1

I am new to PHP and trying to develop a system that will catch people who tries to enter spamming sites in to a social website. (such as a comment or post in pinterest, blog site etc..)

Following are the methods I am using: when a user enters a text in to a post/comment filed, I will go through all the text and extract all the URLs in it. Then:

  1. Compare the title of the webpage to the body of that webpage, to see how many words in title filed are included in the body. Then give it a rank.
  2. Comparing meta-tags against the body of a webpage and seeing if meta-tags are included in the body of a webpage. Then give it a rank.
  3. Comparing anchor text to the body of that webpage
  4. Comparing keywords in a URL to the body of the webpage
  5. Checking to see if the webpage contain any porn words.
  6. Checking for blacklisted sites by comparing URLs against an online database.
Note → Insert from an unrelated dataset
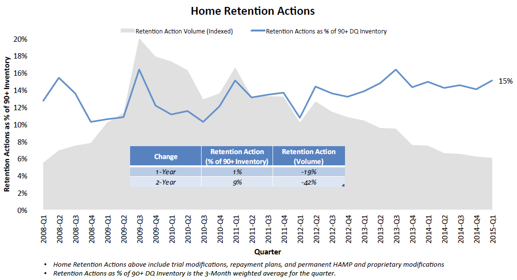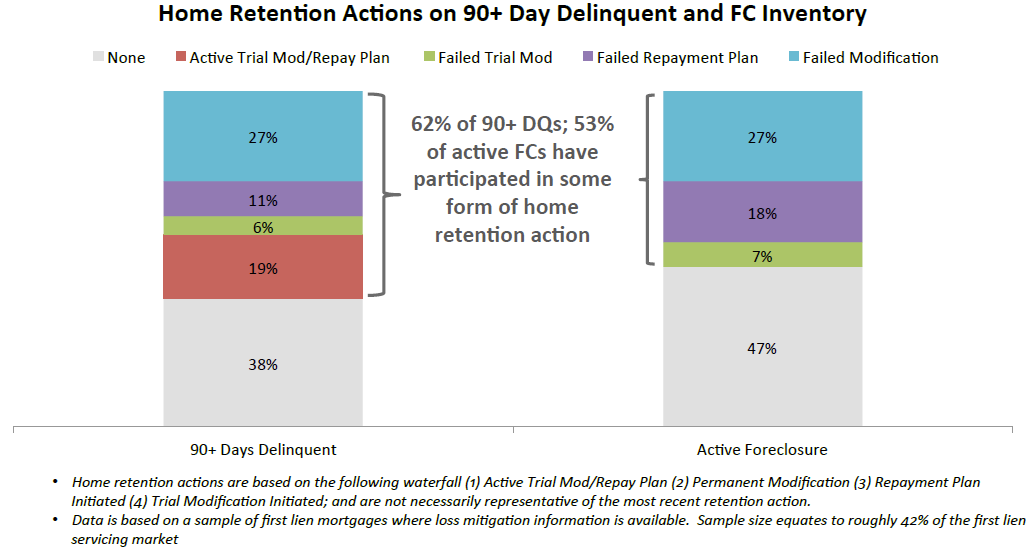 Looking at this home retention data onrna geographic level, Washington, D.C., led the nation with 67 percent of itsrnseriously delinquent inventory having gone through some sort of home retentionrnactivity; of these, 26 percent are currently in an active trial modification orrnrepayment plan. Maryland, Georgia, Texas and Connecticut followed; all with 66rnpercent of seriously delinquent loans having a history of home retentionrnaction.   Among loans in activernforeclosure about 53 percent had taken part in home retention initiatives.</p

Can you please tell me if there are any other methods I can use to determine if a user given URL is a spam or a marketing site? Any help would be greatly appreciated.

JJJ
  • 32,902
  • 20
  • 89
  • 102
Justin k
  • 1,104
  • 5
  • 22
  • 33

1 Answers1

2

This question doesn't actually seem to be php specific. But anyway...

Here is a similar post with some ideas

Detecting a (naughty or nice) URL or link in a text string

Also, scientific papers on the subject should probably be worth looking at. Here's one to get you started.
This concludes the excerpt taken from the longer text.